The map $A^0$ is a sort of average of $A$ between the two representations. The proof is straightforward: one must show that $A^0$ is a $G$-map, so Schur's Lemma can be applied. Then one must show how the lemma's claims for the $G$-map $A$ extend to $A^0$.

• (Corollary) If $v\in V, v^*\in V^*, w\in W,$ and $w^*\in W^*$, then $\int_G \langle{\pi(g)v,v^*}\rangle \langle{\rho(g^{-1})w,w^*}\rangle dg$ equals 0 if $\pi\not\approx\rho$ but $\frac{1}{\deg\pi}\langle{v,w^*}\rangle \langle{w,v^*}\rangle$ if $\pi=\rho$.

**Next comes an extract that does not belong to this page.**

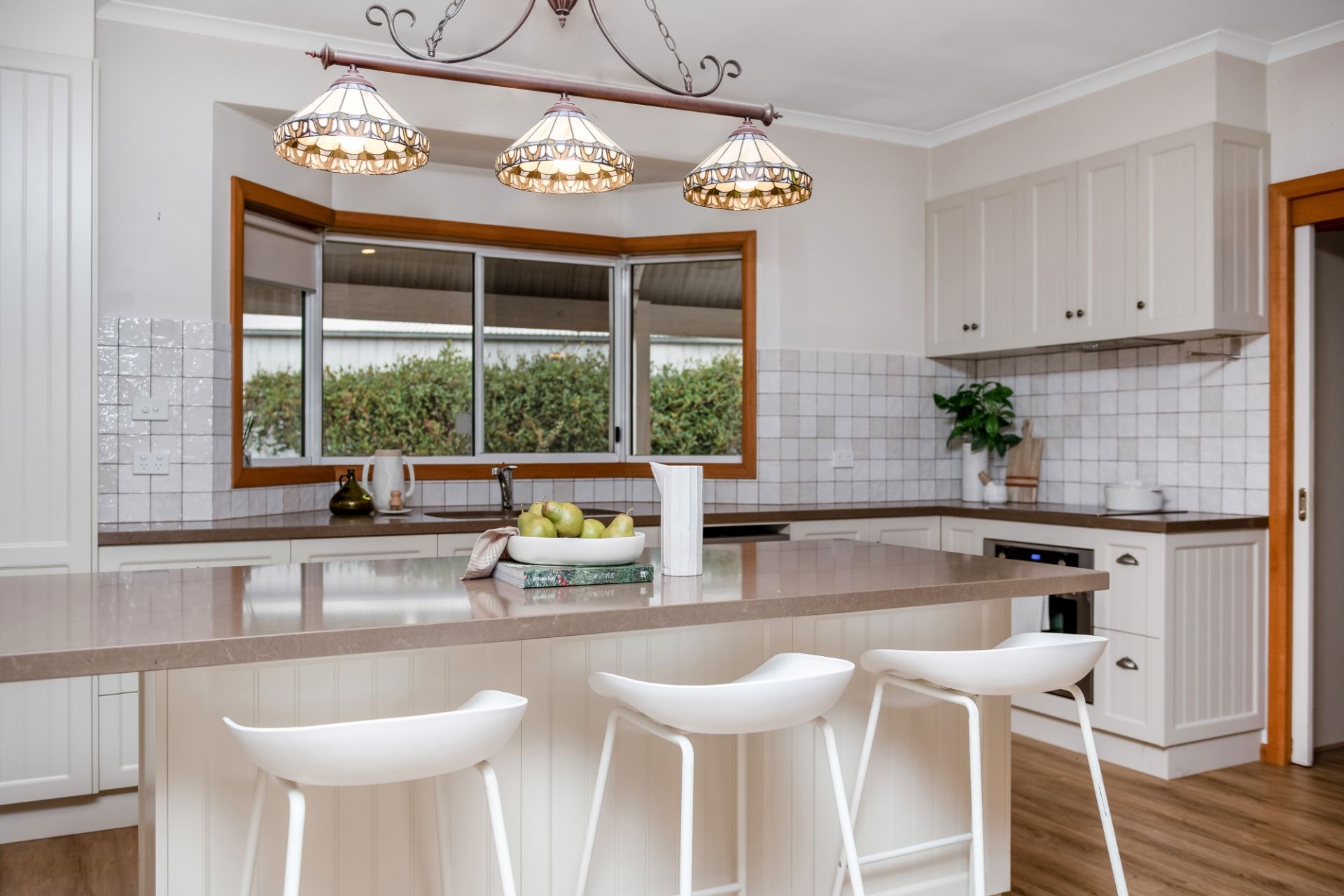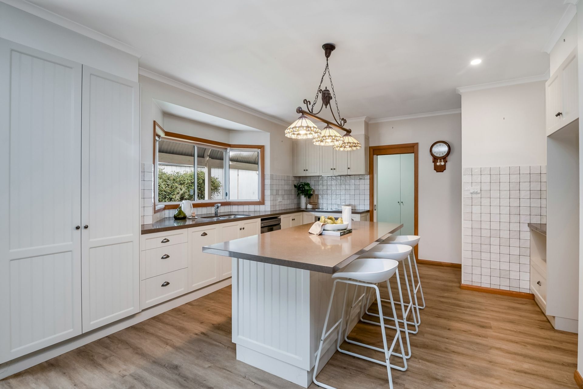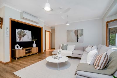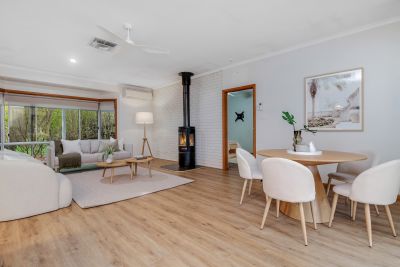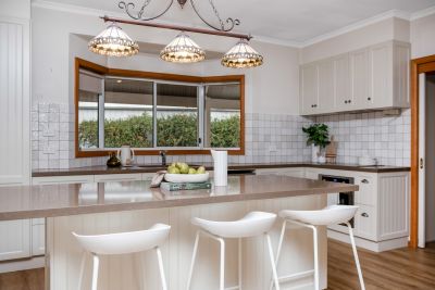 At the heart of the home is a stunning bespoke kitchen and laundry renovation. Featuring stone benchtops, induction cooktop, pyrolytic oven, dishwasher, soft-close cabinetry, auto-sensor bin, and a solar battery-powered appliance station, it's been designed for both beauty and function. The spacious island bench with a 4-seater breakfast bar and exceptional storage makes everyday living a breeze.

This result follows from the previous lemma using the map $A(x)= \langle{x,v^*}\rangle w$. A slight change in language for unitary representations gives the next result.

• (Corollary) Likewise, for unitary representations and Hermitian inner product $(\cdot,\cdot)$, we may take $x_i\in V, y_i\in W$ and obtain $\int_G (\pi(g)x_1,x_2) \overline{(\rho(g)y_1,y_2)}dg$ equals 0 if $\pi\not\approx\rho$ but $\frac{1}{\deg\pi}(x_1,y_1)\overline{(x_2,y_2)}$ if $\pi=\rho$.
• (Schur Orthogonality Relation) Here we restrict to matrix elements: if $\pi_{ij}(g)$ and $\rho_{kl}(g)$ are matrix elements of $\pi$ and $\rho$ with respect to orthonormal bases of $V$ and $W$, then $\int_G \pi_{ij}(g)\overline{\rho_{kl}(g)}dg$ equals 0 if $\pi\not\approx\rho$ or $\frac{1}{\deg\pi}\delta_{ik}\delta_{jl}$ if $\pi=\rho$.

This follows from the above by noting that for basis elements $e_i$ and $e_j$, the matrix element is given by $\pi_{ij}(g) = (\pi(g)e_j,e_i)$.

The Theorem

We are finally ready for the main result:

Peter-Weyl Theorem
Let $G$ be a compact group, and $\{(\pi^\lambda,V^\lambda)\}_{\lambda\in\Lambda}$ a complete set of inequivalent unitary representations of $G$. Given an orthonormal basis $\{e_i^\lambda\}$ for $V^\lambda$, define $\pi_{ij}^\lambda(g)=(\pi^\lambda(g)e_j^\lambda,e_i^\lambda)$. Then, $\{f_{ij}^\lambda\}$ where $f_{ij}^\lambda=\sqrt{\deg\pi^\lambda}\pi_{ij}^\lambda$ is a complete orthonormal set in $L^2(G)$, and $\Lambda$ must be countable.

For the proof, first note that $\{f_{ij}^\lambda\}$ is clearly orthonormal by the Schur Orthogonality Relation given above. It remains to show completeness and countability. In a separable Hilbert space, every orthonormal set is countable, and $L^2(G)$ is separable since the set of rational polynomials in $L^2(G)$ forms a countable dense subset.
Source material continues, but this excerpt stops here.